My Partner F and I funded both of those journeys largely through the redemption of our household stock of miles and points – our Points Kitty.  In fact, it’s through Pointing that we’ve been able to afford to treat ourselves during the limited amount of vacation time that we both have.  Since, I booked those trips about ten months earlier, through a strategic use of credit cards for our daily spending, we were able to rebuild a pretty healthy miles and points balance.

However, my diversification strategy meant that my miles and points were spread out across various accounts. How, then, do you craft an itinerary that gets you where you want to go ? The key to mixing and matching is through the use of two features of many frequent flyer programs: One-Way Awards and Airline Alliances.

For example, most of the major airlines allow you to redeem one-way rewards for half the cost of a round-trip award.  There are, however, notable exceptions (e.g., US Airways charges you the round-trip mileage price for one-way awards) so it’s important that you check the specific rules for the airline on which you’re redeeming your frequent flyer miles.

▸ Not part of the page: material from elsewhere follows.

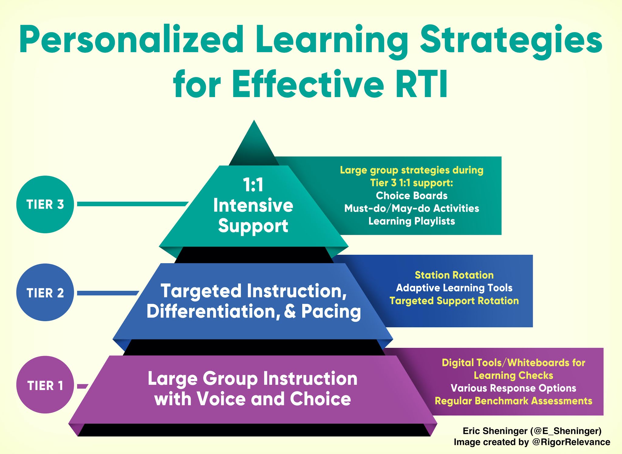 Below I have taken the traditional RTI pyramid of supports and added how personalized learning strategies could be implemented to ensure better learners are getting what they need.

In addition, you should realize that you don’t have to redeem the miles on the airline you usually fly.  The major legacy U.S. carriers each belong to one of the three major airline alliances. Specifically, United is aligned with Star Alliance, Delta with SkyTeam and American with OneWorld.  What this means is that passengers can earn as well redeem miles with any of the members of your “home” airline’s alliance partners.  In addition, the upcoming merger of American and US Airways also creates additional opportunities for redeeming awards with the OneWorld alliance.

So where do we go from here? Well, having survived the Midwest Polar Vortex and the transformation of my hometown into Chi-beria, I knew that I wanted to go someplace warm for our next winter holiday.

Sheraton Krabi Beach Resort Infinity Pool

Sheraton Krabi Beach Resort

In addition, with United’s major devaluation earlier in the year, I knew I wanted to burn up the remaining stock of MileagePlus miles on which I was sitting before the new award chart kicked in. As I geeked around on United’s website running through various potential itineraries, I discovered availability for two First Class award seats from Chicago to Bangkok for the late Winter dates I was seeking.

Wat Arun Bangkok Sitting on the temple steps

Wat Arun  – Temple of Dawn Bangkok

Although we’ll be flying United on the initial leg of the trip, the airline’s Star Alliance affiliation enabled me to book space for the next segment on Thai Airway’s new Airbus A380 super jumbo jet (something very important for an aviation geek like me!). One of the great things about United’s reservation website is that it allows you to check award availability not only on its own planes but also those of most of its Star Alliance partners (LOT Polish Airlines and Singapore Airlines being notable exceptions).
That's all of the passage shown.